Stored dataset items
____

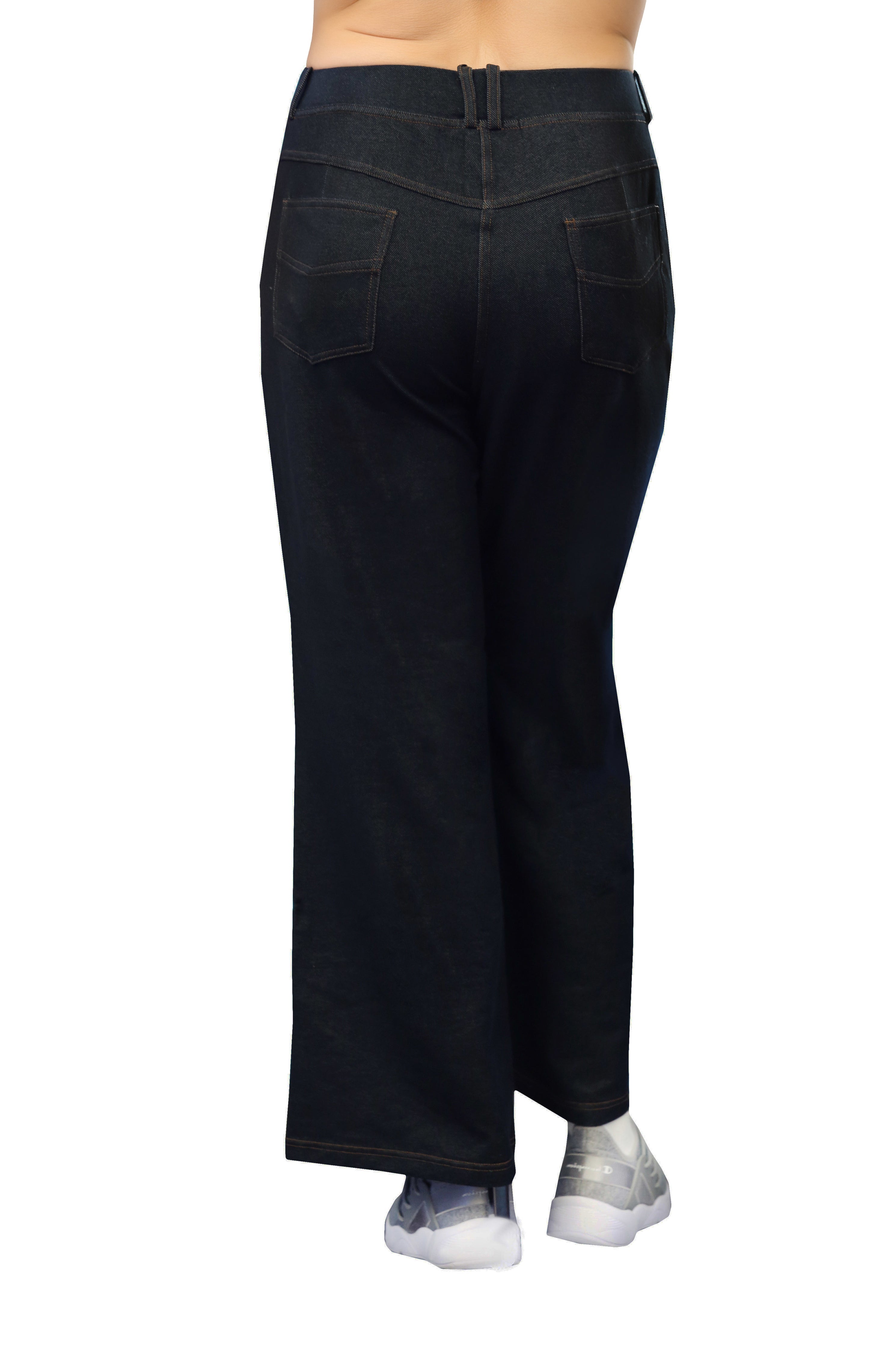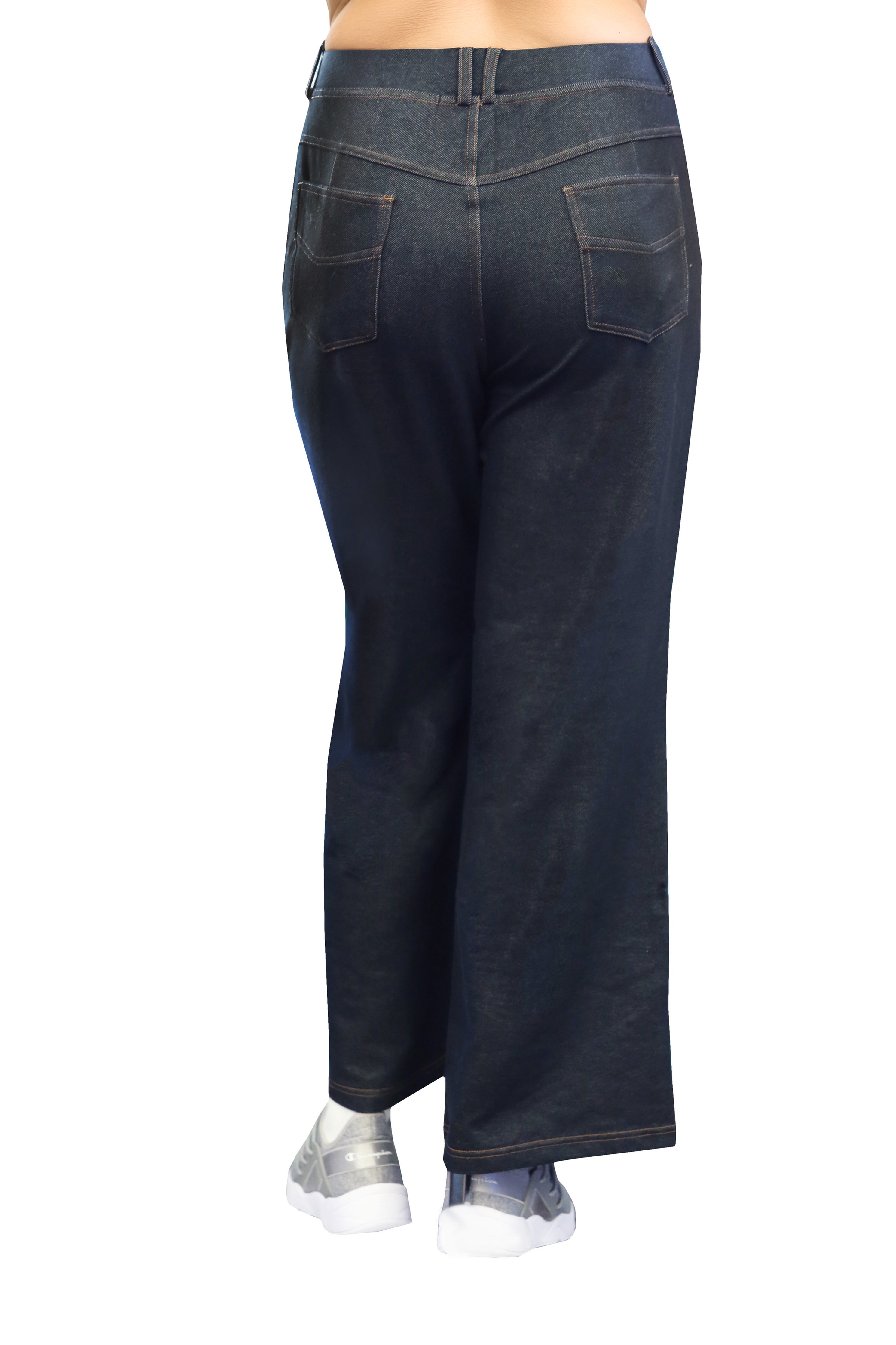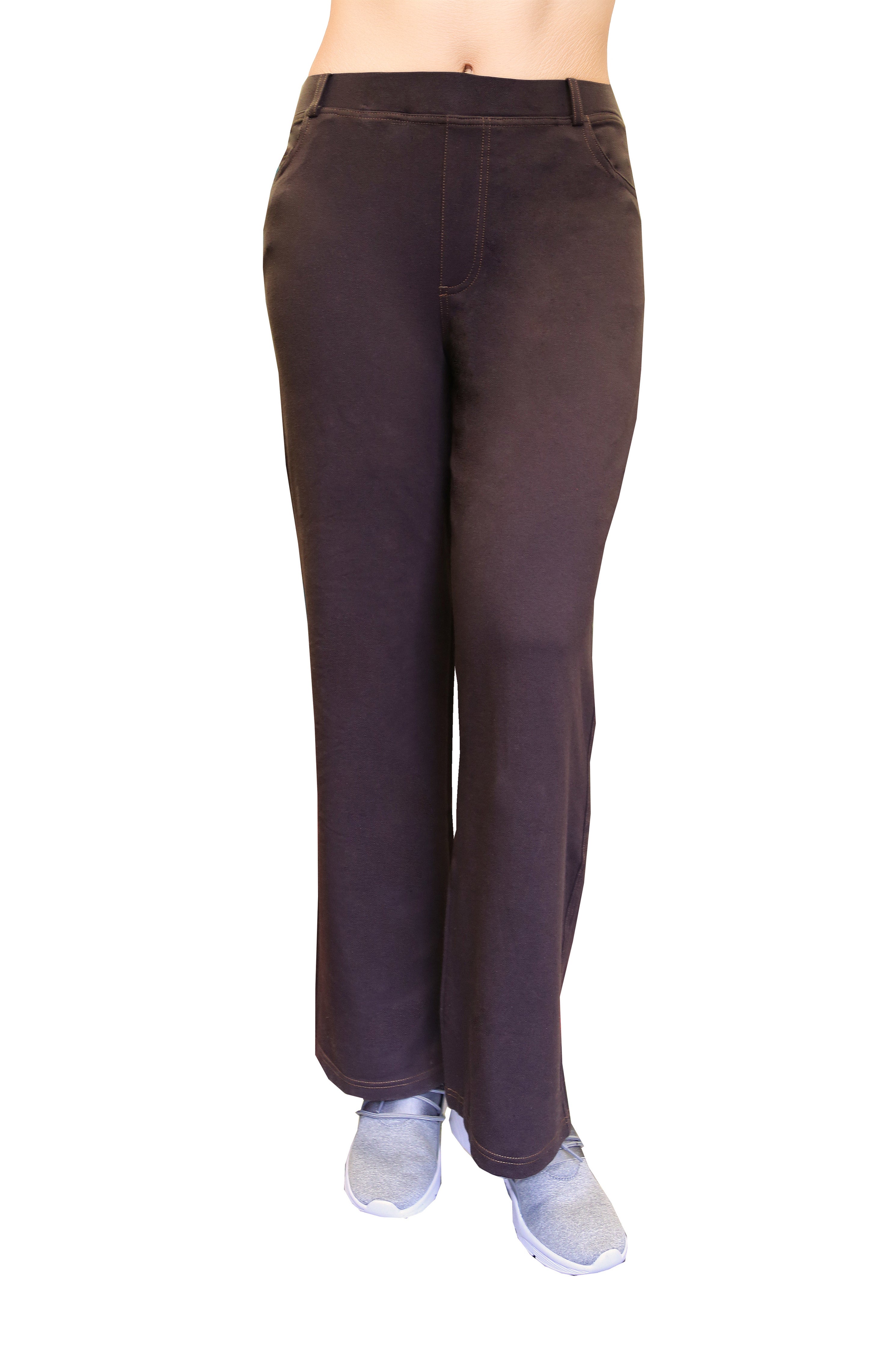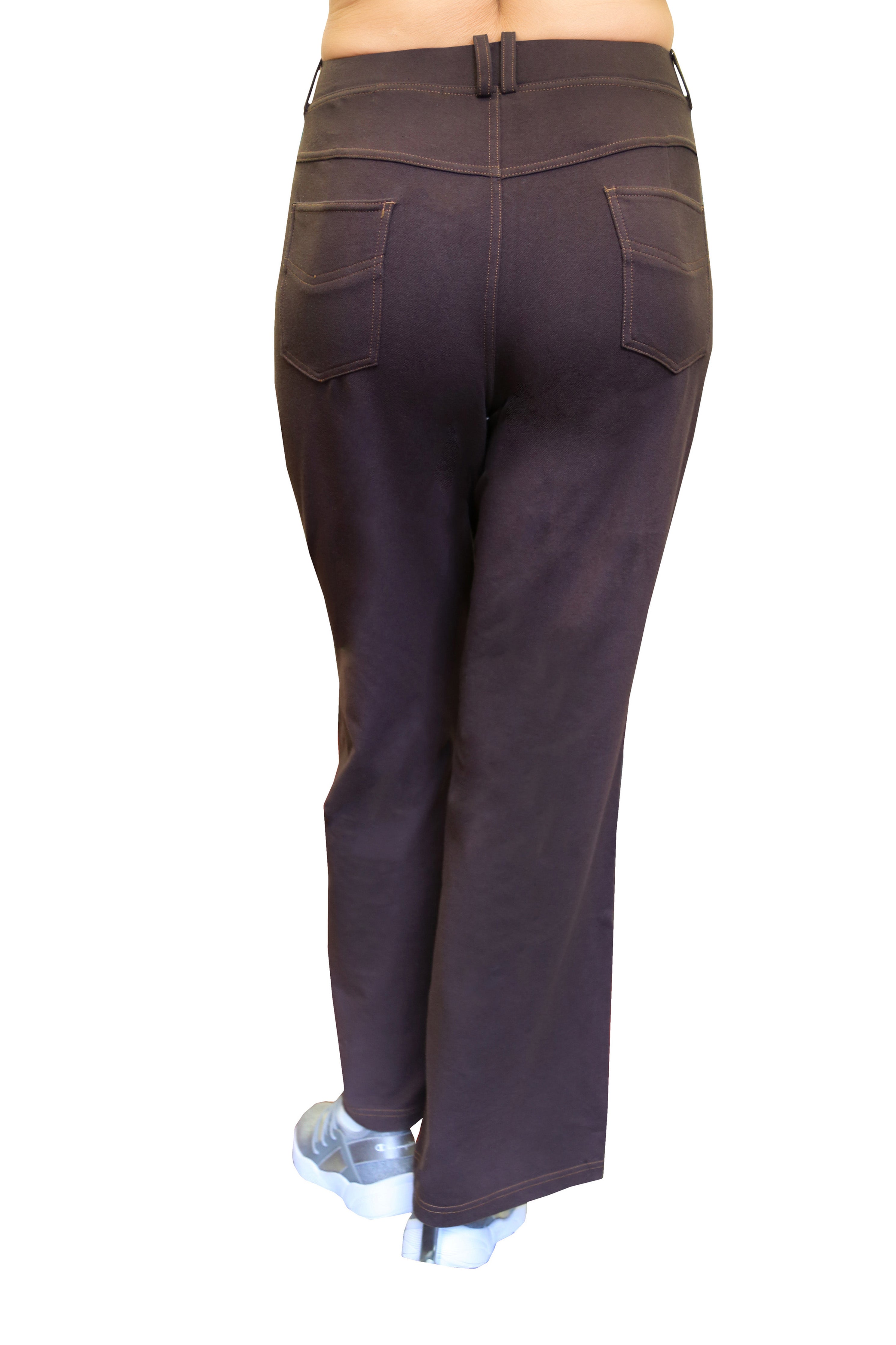 Confeccionado con un tejido elástico increíblemente suave y cómodo, este pantalón tiene la apariencia de mezclilla. Cuenta con una cintura elástica cubierta de 2" con trabillas para cinturón y un práctico estilo de 5 bolsillos con bragueta simulada y costuras en contraste.
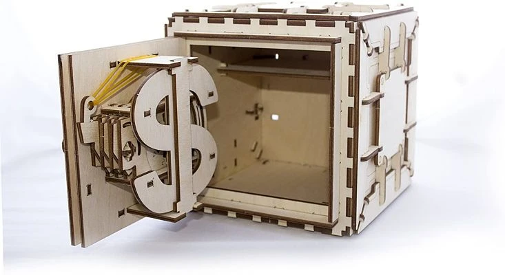 Safety Comes First! If your favorite pastime is tinkering with construction kits and coming up with a neat creation, rest assured the Safe will more than satisfy your artistic urge. This is a 3D puzzle safe that has a real combination lock on the front – it is an authentic replica of its real world counterpart.
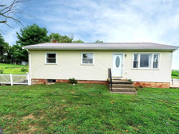 This move-in ready ranch-style home is a rare gem, nestled in a private rural area with stunning countryside views. Major updates include a newer roof, HVAC system, well pump, water heater, and more, ensuring peace of mind. The main level features fresh paint, new crown molding, drywall, trim, and hardwood floors throughout. The bright living room, with large windows, offers a cozy space perfect for relaxing or entertaining. The open-concept kitchen and dining area have new butcher block countertops, sink, dishwasher, and stove. Sliding glass doors lead to a stunning brick patio, ideal for summer barbecues and evening relaxation. A new shed provides ample storage for outdoor essentials. The main level also includes three bedrooms and a newly renovated full bathroom. The walk-up basement holds incredible potential, whether you envision it as a second living area, home gym, office, or whatever your heart desires. With rough-in plumbing for an additional bathroom, it offers flexibility and the opportunity to expand your living space to suit your needs. This home seamlessly blends modern updates with classic charm, making it a tranquil and private retreat.
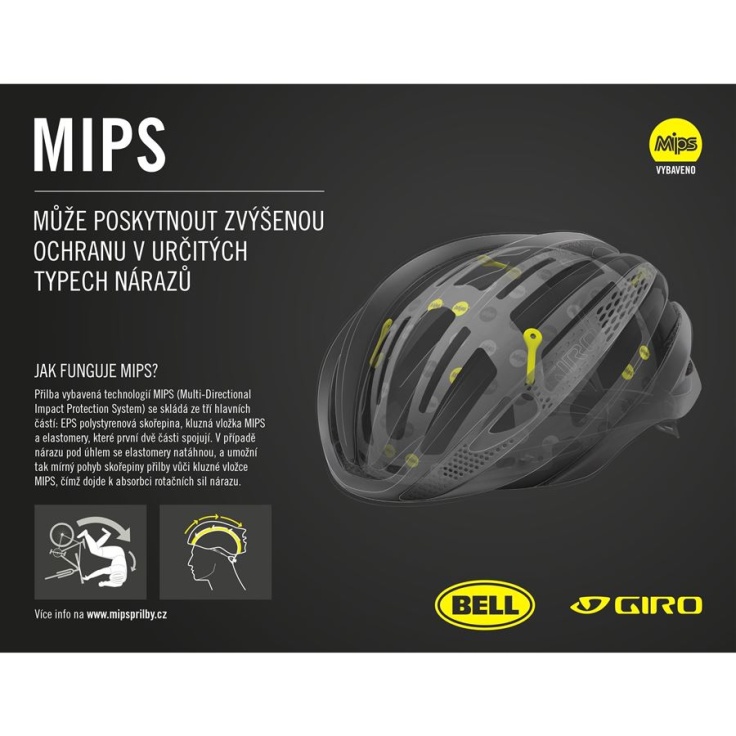 Všechny přilby Giro jsou designovány tak, aby pohltily co nejvíce energie při nárazu, a splňují platnou evropskou normu: EN 1078. Cílem nové technologie MIPS je eliminovat rotační síly, které působí na hlavu v případě pádu. Při nárazu pod jakýmkoliv úhlem systém MIPS umožní, aby se EPS skořepina přilby pootočila nezávisle okolo hlavy jezdce. Přestože je tento pohyb pouze v řádu několika milimetrů, věříme, že technologie MIPS výrazně snižuje množství rotační síly, která by jinak mohla být přenesena až na mozek.
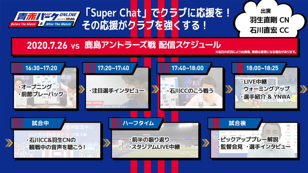 [26.07. (So) Spiel gegen Kashima] Ankündigung der Veranstaltung „AO-AKA PARK Online Before/After The Match supported by XFLAG“
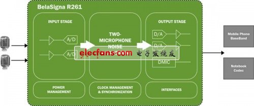 BelaSigna? R261 SoC針對語音捕獲的應(yīng)用,包括筆記簿電腦、手機(jī)、網(wǎng)絡(luò)攝像機(jī)及平板電腦。1.8 V電壓時(shí)的電流消耗小于16 mA,功耗僅為市場上眾多競爭產(chǎn)品的一半。
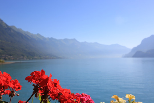 面积小于图恩湖,于是决定骑行布里恩茨湖。两湖都有专用骑行道,不得不佩服瑞士旅游设施的周全考虑和设计。
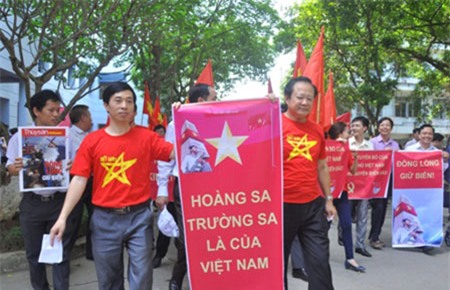 Lễ diễu hành của hội Nghề cá Việt Nam nhằm tuyên bố: “Yêu cầu Trung Quốc rút ngay và rút vô điều kiện khỏi vùng biển thuộc chủ quyền Việt Nam”. |
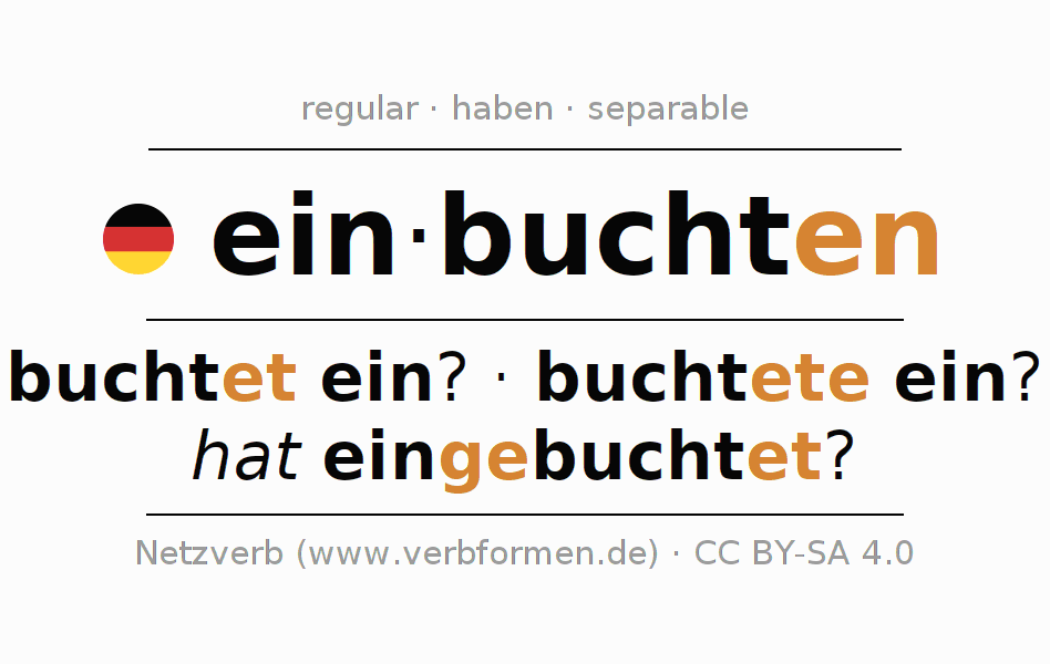 The conjugation of einbuchten in Imperfect Indicative Past Active is buchtete ich ein?, buchtetest du ein?, buchtete er ein?, buchteten wir ein?, buchtetet ihr ein?, buchteten sie ein?.The conjugation corresponds to certain grammatical rules. Likewise the requirements for the conjugation of the simple verb forms of einbuchten in Imperfect. Comments ☆
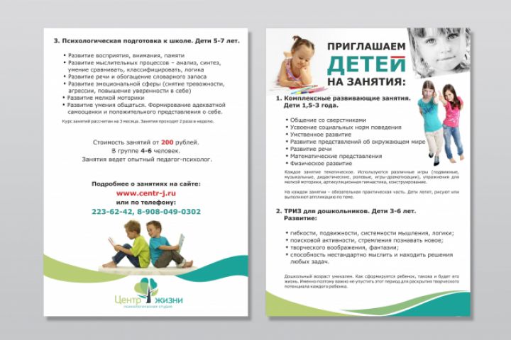 Дизайн двусторонней листовки Занятия для детей
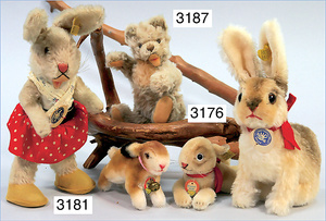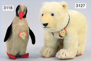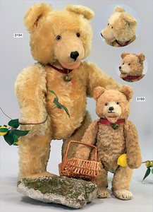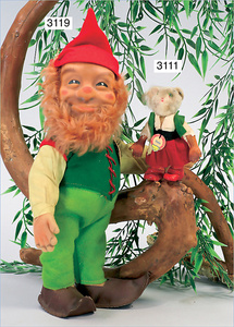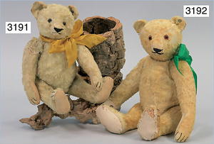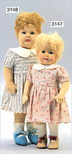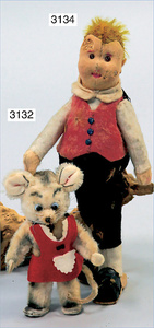 2 Filzpuppen, Lenci Typ, 56 cm, Filz, gemalte Augen, gemalter Mund, angesetzte Ohren, Orig.-bayrische Filz und Stoff-Kleidung, mit Hut, ca. 1920, guter Zust.

____

» **ASSIGNMENT**
Only one stretch of the entries above is needed: the lines from the one containing "Safety Comes First!" through the one containing "This move-in ready". Copy it exactly, without the pictures.

» **RESULT BELOW**
 Safety Comes First! If your favorite pastime is tinkering with construction kits and coming up with a neat creation, rest assured the Safe will more than satisfy your artistic urge. This is a 3D puzzle safe that has a real combination lock on the front – it is an authentic replica of its real world counterpart.
 This move-in ready ranch-style home is a rare gem, nestled in a private rural area with stunning countryside views. Major updates include a newer roof, HVAC system, well pump, water heater, and more, ensuring peace of mind. The main level features fresh paint, new crown molding, drywall, trim, and hardwood floors throughout. The bright living room, with large windows, offers a cozy space perfect for relaxing or entertaining. The open-concept kitchen and dining area have new butcher block countertops, sink, dishwasher, and stove. Sliding glass doors lead to a stunning brick patio, ideal for summer barbecues and evening relaxation. A new shed provides ample storage for outdoor essentials. The main level also includes three bedrooms and a newly renovated full bathroom. The walk-up basement holds incredible potential, whether you envision it as a second living area, home gym, office, or whatever your heart desires. With rough-in plumbing for an additional bathroom, it offers flexibility and the opportunity to expand your living space to suit your needs. This home seamlessly blends modern updates with classic charm, making it a tranquil and private retreat.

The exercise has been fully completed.